If you ignore the census related job spike in 2010 it is pretty obvious that job growth at the federal level has been pretty muted during the past decade. This chart, however, excludes the federal government jobs classified as military jobs, which has seen a jump since Obama became president. The job growth in the military sector does not explain the tripling of the annual military budget since 2001 which now has the American taxpayer footing 43% of the estimated global military budget at an astonishing level of $2,424 per capita compared to $93 per capita in China.
While political bluster has been directed at the federal level, little praise has been heaped upon local and state governments for the heavy job losses they have sustained since the start of the Obama administration. Unlike the federal government the local governments cannot pay their expenses without selling municipal bonds or generating revenues from sales and property taxes, while state governments can raise revenue from both sales and income taxes. Local and state governments have had to deal with a 30% plus drop in the value of real estate and diminished sales of goods and services as consumers worry about job security, reduce their debt, and seek jobs that do not exist. Stabilizing real estate prices and dealing with underwater mortgages are critical to averting the death spiral that is pushing local and state governments to withdraw services that benefit a common good.
One sector that has seen almost no interruption in job growth has been education, though the effort to boost the education of young people has not been rewarded by a rise in jobs for young people, many of whom, including those with university degrees, have ended up living at home. The situation is unlikely to improve as older workers fearful about their retirement choose to stay in the work force, setting up an intergenerational conflict that will haunt the boomer generation whose oldest member turned 65 in 2011.

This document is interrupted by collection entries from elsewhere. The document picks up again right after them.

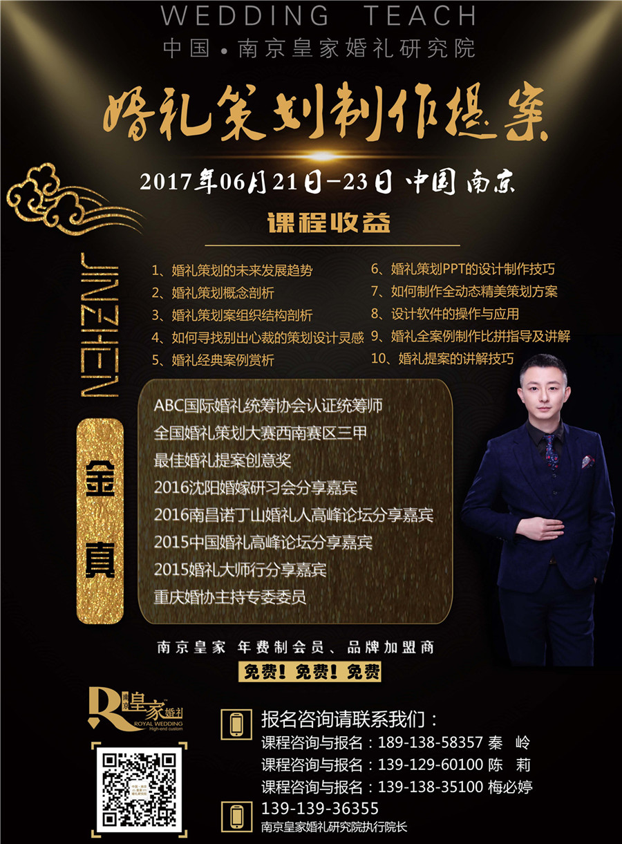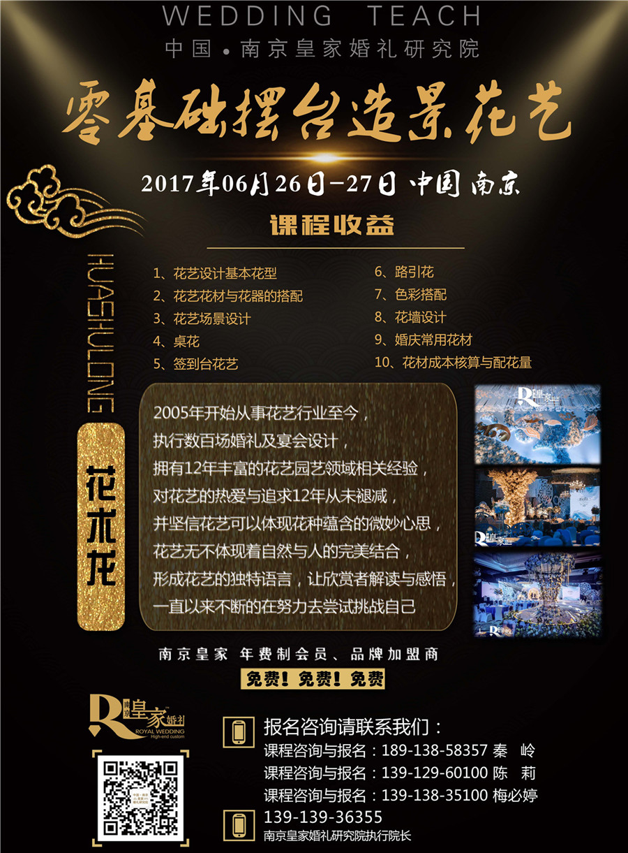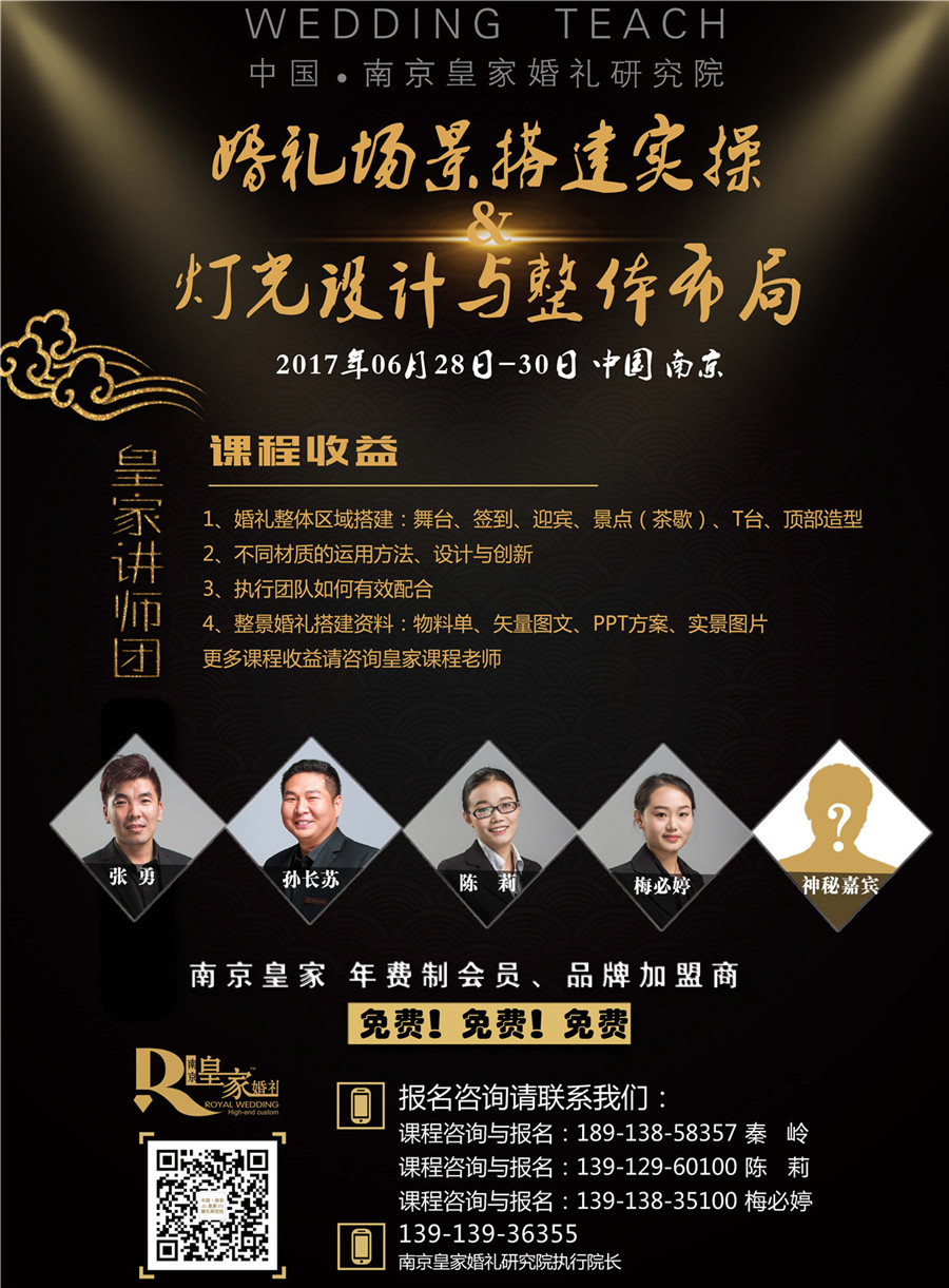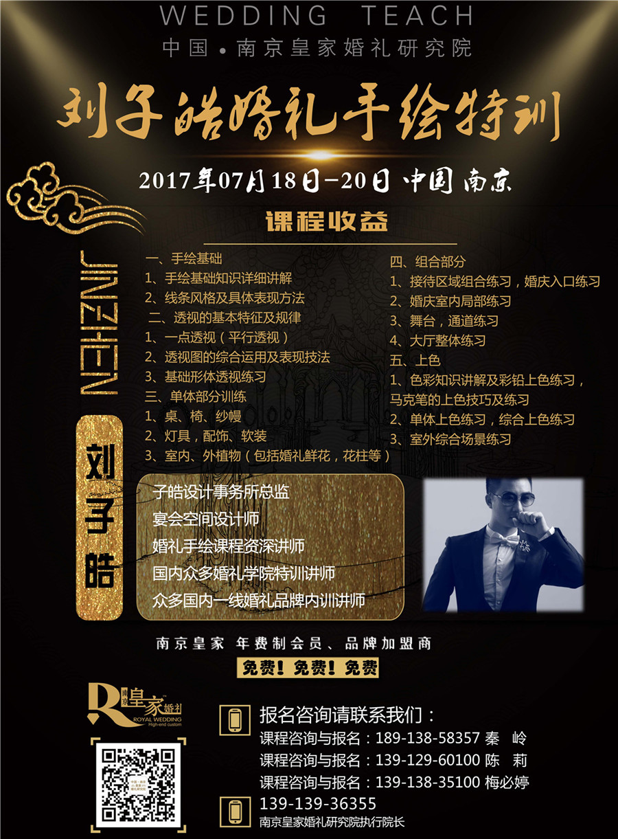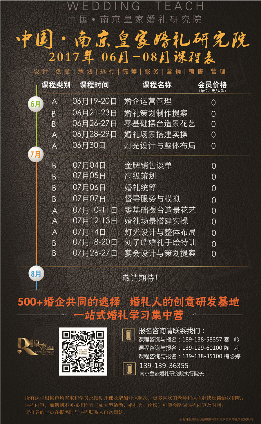 备注:课程内容,如遇到不可抗拒因素(如大型活动、婚礼秀、论坛)可能会略调课程内容及时间。请报名的学员在报名时与课程联系人再次确认。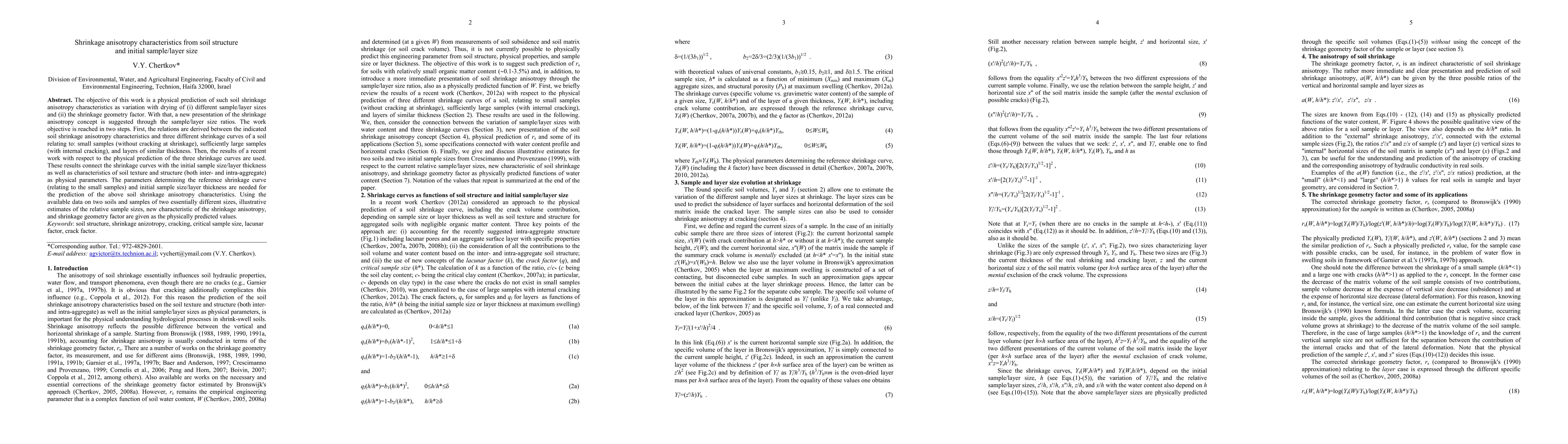 The objective of this work is a physical prediction of such soil shrinkage anisotropy characteristics as variation with drying of (i) different sample/layer sizes and (ii) the shrinkage geometry factor. With that, a new presentation of the shrinkage anisotropy concept is suggested through the sample/layer size ratios. The work objective is reached in two steps. First, the relations are derived between the indicated soil shrinkage anisotropy characteristics and three different shrinkage curves of a soil relating to: small samples (without cracking at shrinkage), sufficiently large samples (with internal cracking), and layers of similar thickness. Then, the results of a recent work with respect to the physical prediction of the three shrinkage curves are used. These results connect the shrinkage curves with the initial sample size/layer thickness as well as characteristics of soil texture and structure (both inter- and intra-aggregate) as physical parameters. The parameters determining the reference shrinkage curve (relating to the small samples) and initial sample size/layer thickness are needed for the prediction of the above soil shrinkage anisotropy characteristics. Using the available data on two soils and samples of two essentially different sizes, illustrative estimates of the relative sample sizes, new characteristic of the shrinkage anisotropy, and shrinkage geometry factor are given as the physically predicted values.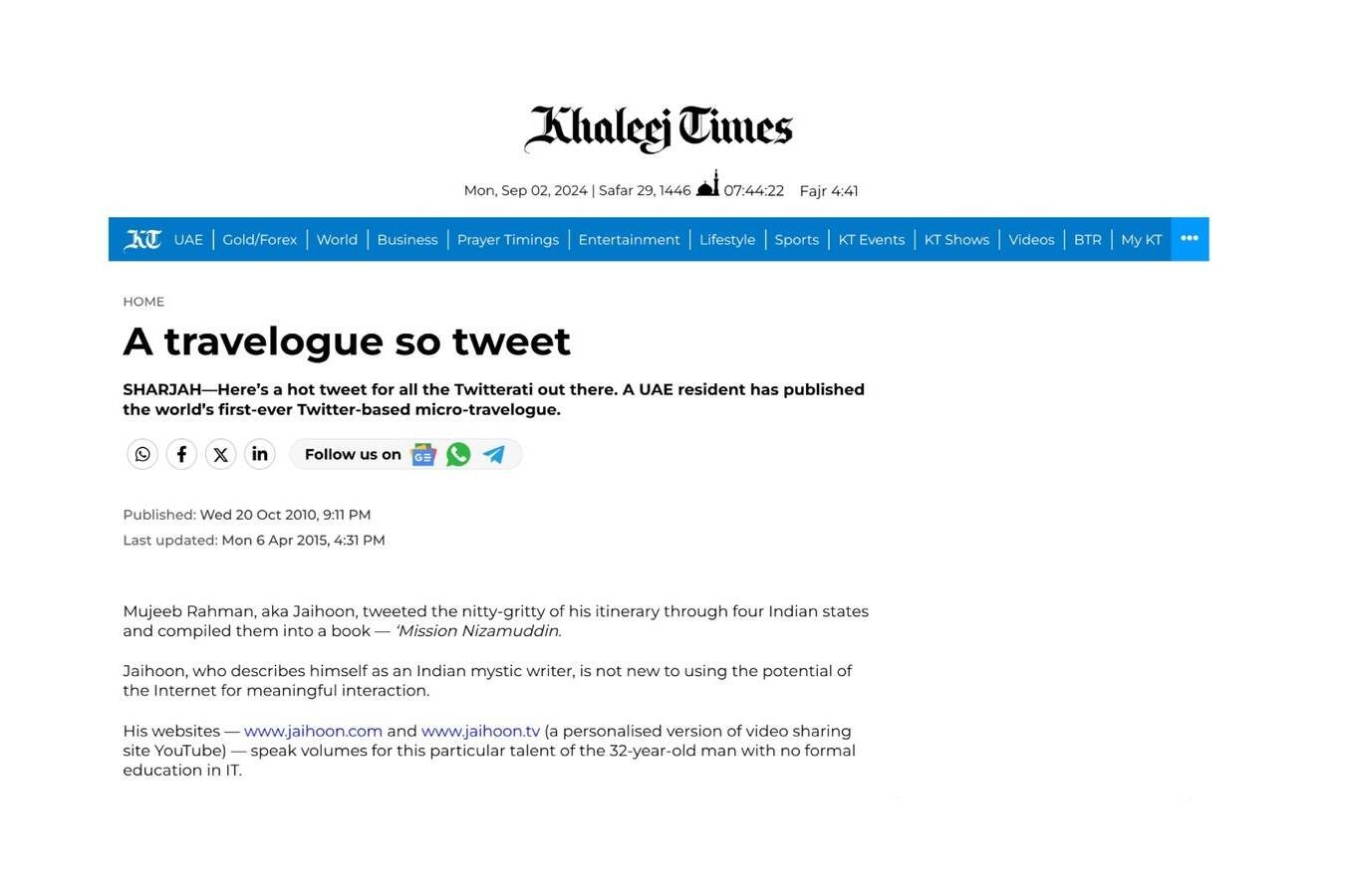 A UAE resident has published the world’s first-ever Twitter-based micro-travelogue, reports Khaleej…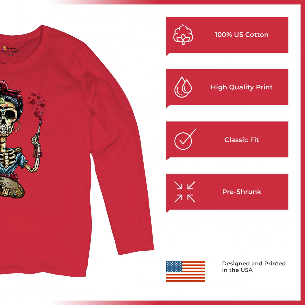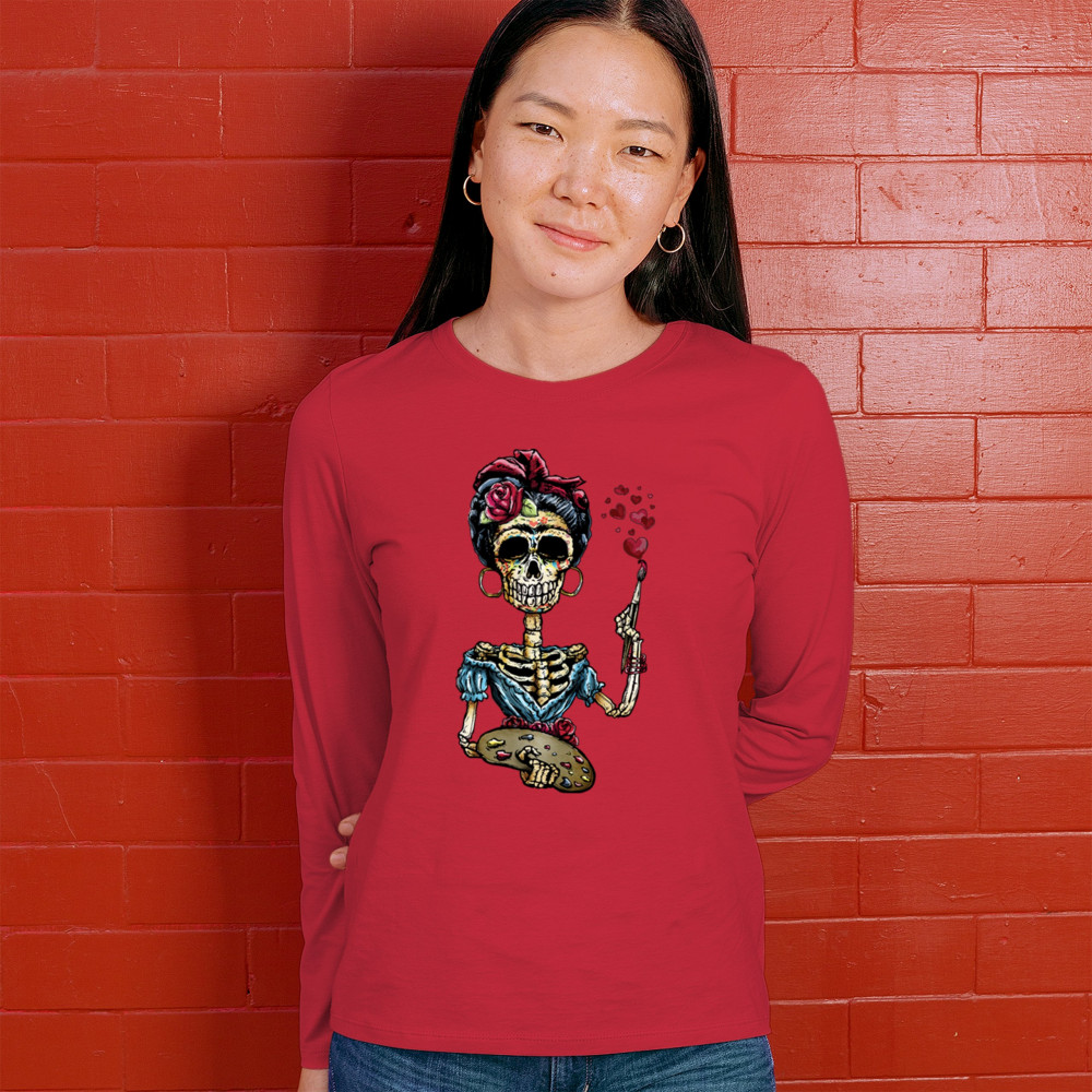 FRIDA KAHLO SUGAR SKULL women's long sleeve t-shirt calavera day of the dead red

The US federal 2011 budget was estimated at $3.9 trillion, with the largest chunk going to national defence at $768 billion (higher if you include the $141 billion allocated to veterans). By 2016 the Obama administration optimistically projects defence to have shrunk to $680 billion, while social security will have soared to from $748 billion to $952 billion.
The social security outlay is covered by past contributions, though those payroll taxes were not segregated to earn interest in the style pension funds are supposed to do. This money has been raided to pay for other expenses. The ability to deal with future social security liabilities lies in boosting the salary cap from which payroll taxes are deducted.
More problematic is the future liability associated with Medicare, a form of socialized medicine whose funding structure did not anticipate rising longevity due to new medical technology and drugs, out of control medical cost escalation, and the long term health effects of eating the food industry's over-processed offerings. All of the possible solutions to this medicare entitlement expectation are political suicide for whoever tries to implement them. The only passive solution would be a horror movie equivalent pandemic which selectively wipes out the elderly. It makes you wonder why there is pressure to publish details about inter-mammal transmissibility of the avian flu virus.
What will it be, guns or retirees, as the United States deals with its accumulated debt whose ceiling is now growing exponentially?